Gill Perkins is one of those people you can't help liking - there's a smile in her voice when she speaks and we found her to be generous with her time and knowledge. She arrived early for our woodland meeting and had come equipped - a small plastic tube with a plunger (costing about £5) allows her to catch bumblebees as they graze on flowers and she can trap them for long enough to tell us that "this one's a queen of the buff-tailed type and you can see she's very freshly minted as her wings are so undamaged ... a lovely specimen ...". She releases the bee and it seems quite unphased as it quickly goes back to collecting nectar. Gill loves to get out into the woods and see the bees first-hand - most of the rest of the time she's in her office with the 40 or so staff employed by the Bumblebee Conservation Trust, and despite being the Trust's CEO she's often teaching groups about bumblebees and working with various sponsors including a big housebuilder and a big London law firm.
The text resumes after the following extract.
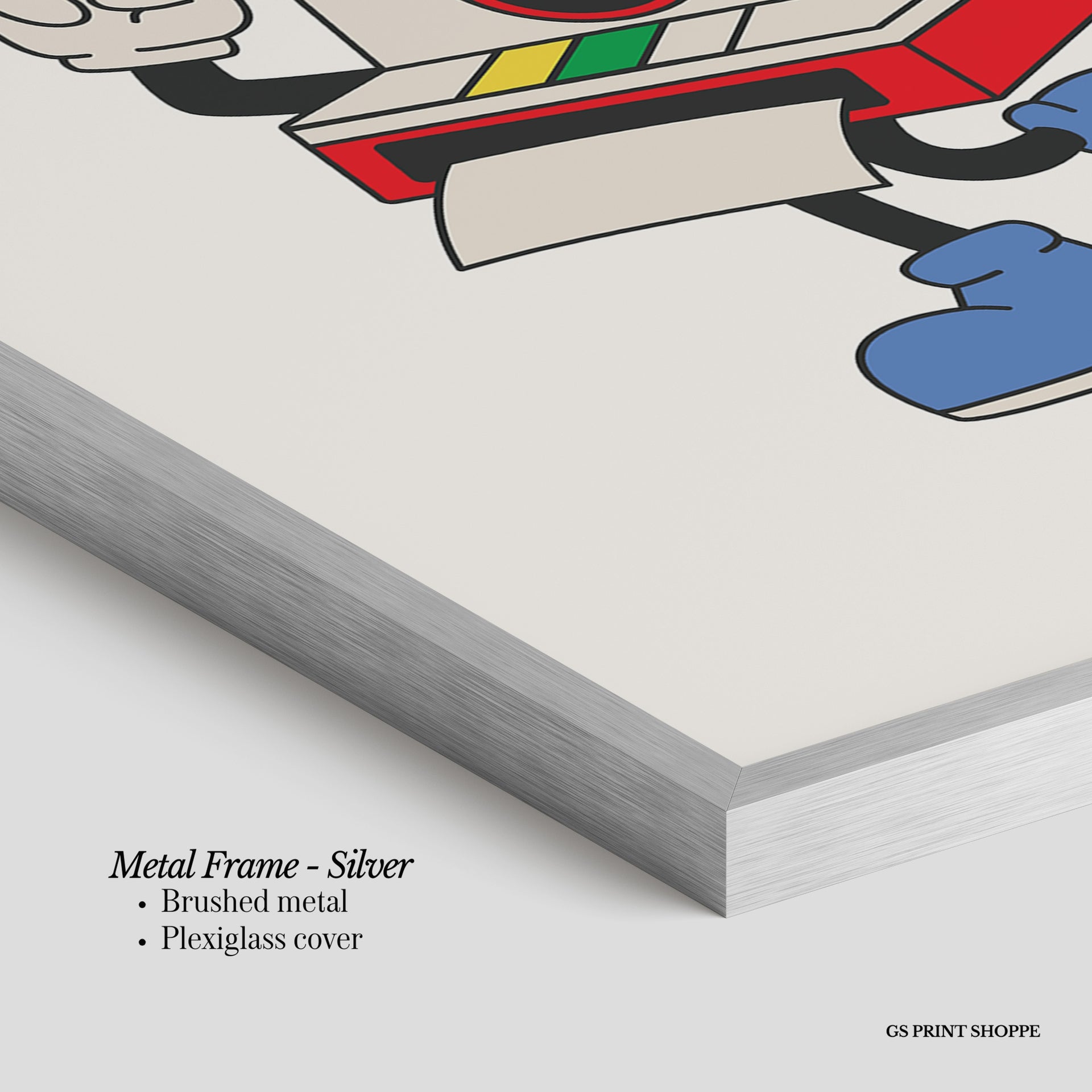 Metal Frame: Sleek and modern, our metal frame is crafted with brushed metal for a polished finish. It comes with durable plexiglass and sturdy metal hangers for horizontal or vertical display.

"All the work is done by the females," she explains neutrally. "The males spend their time getting drunk, sleeping and having sex. Though they do fly some distance away to do the sex because it's better for them to mate with queens from other colonies in order to mix up the gene pool. There are 24 species of bumblebee in the UK though some of them are recent arrivals like this Bombus hypnorum which came over from France about 12 years ago." Gill puts British bumblebees in context by explaining that there are three big categories of bee - the honey bee, the bumblebee and the solitary bees. Of these, the biggest group is the solitary bees where there are about 200 species, but it's the bumblebee that Gill champions.
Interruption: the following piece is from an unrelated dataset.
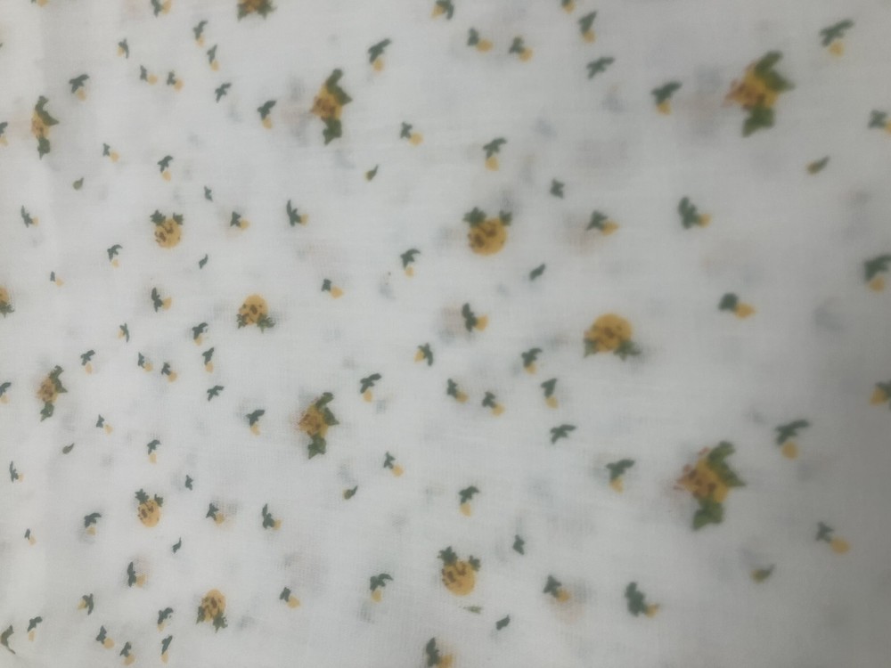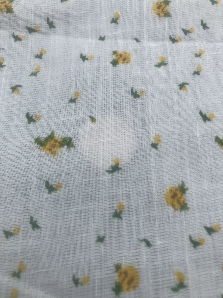 6 yards white semi sheer cotton voile fabric with tiny yellow flowers..that is 44" wide. very sweet fabric. Being sold with two areas of yellow shading. Please see this on my pictures. . Most of the fabric is perfect so the areas are very small. where the fabric has bled. Please take a moment to look at all of my fabric and feed sacks listed on ebay at this time. I am always happy to combine shipping. All of my fabrics vintage clothing and textiles come from a smoke free, animal free home. Shipping of this fabric will be $10.95 priority.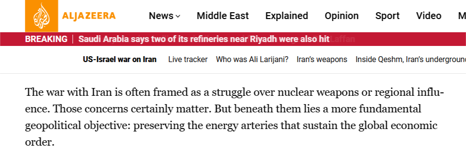 半岛电视台的报道称,最近的事态发展表明,另一种更深层次、美国政府由来已久的“石油逻辑”正在发挥作用。美国的根本目的是控制资源,保障石油的流动性,这是全球资本主义经济的命脉。

What she wants the Bumblebee Conservation Trust to do is encourage people to improve living conditions for bumblebees - less insecticide, more diversity and wider woodland tracks. Seeing a clump of foxgloves, Gill rushes off to check it and on one of the flowers she finds a white-tailed worker bee - female, of course. Bees, like all animals, are vulnerable to predators. In gardens they are often attacked by blue tits who, according to Gill, will "peck off their bottoms and suck out the nectar, leaving them alive but immobile. It's a cruel world."
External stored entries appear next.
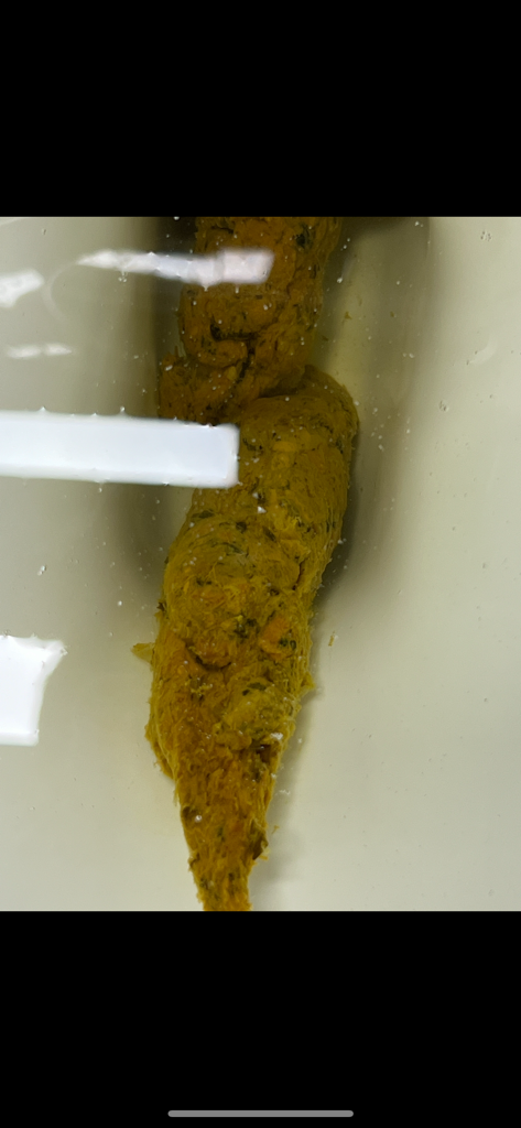 대변은 어떠한 음식ㅁ루을 먹었는지 변이 장에 얼마나 오래 머물렀는지 등 요인에 의해서 색깔이 다 다르게 나타납니다. 사진 속의 대변 소견은 딱히 특별한 이상이 있어 보이지 않습니다.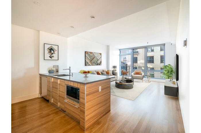 Residents of this pet-friendly building enjoy a striking double-height lobby, a 3,000-square-foot furnished roof deck with open city views, a fully equipped fitness room, bike storage, virtual doorman service, package room, and a full-time Superintendent. On-site parking is also available for purchase from the original Sponsor.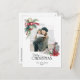 En enkel och elegant helgdag-fotomall med vattenfärgsprejning av botaniska julsprejar stil, med gräs och holly, med anpassningsbar God jul typografi och redigerbar text fält på baksidan.

Bumblebees are great pollinators, offering what people sometimes call "ecoservices". They don't just fly around woodlands but are out there helping the farmers by pollinating tomatoes, peas and apples. Bumblebees also increase yields in crops like oilseed rape and Gill reckons they contribute over £400 million each year to the UK economy. The only way to stop further extinctions of bumblebee species is sympathetic land management, the trust argues. Encouragingly they also say that even small improvements such as providing small patches of flower-rich habitat around the edge of your land can make a big difference.
Anyway, Gill's visit left us knowing much more and buzzing with ideas about how to make our woodland more bee-friendly. In an email after the visit she checked that we'd joined as members - we have!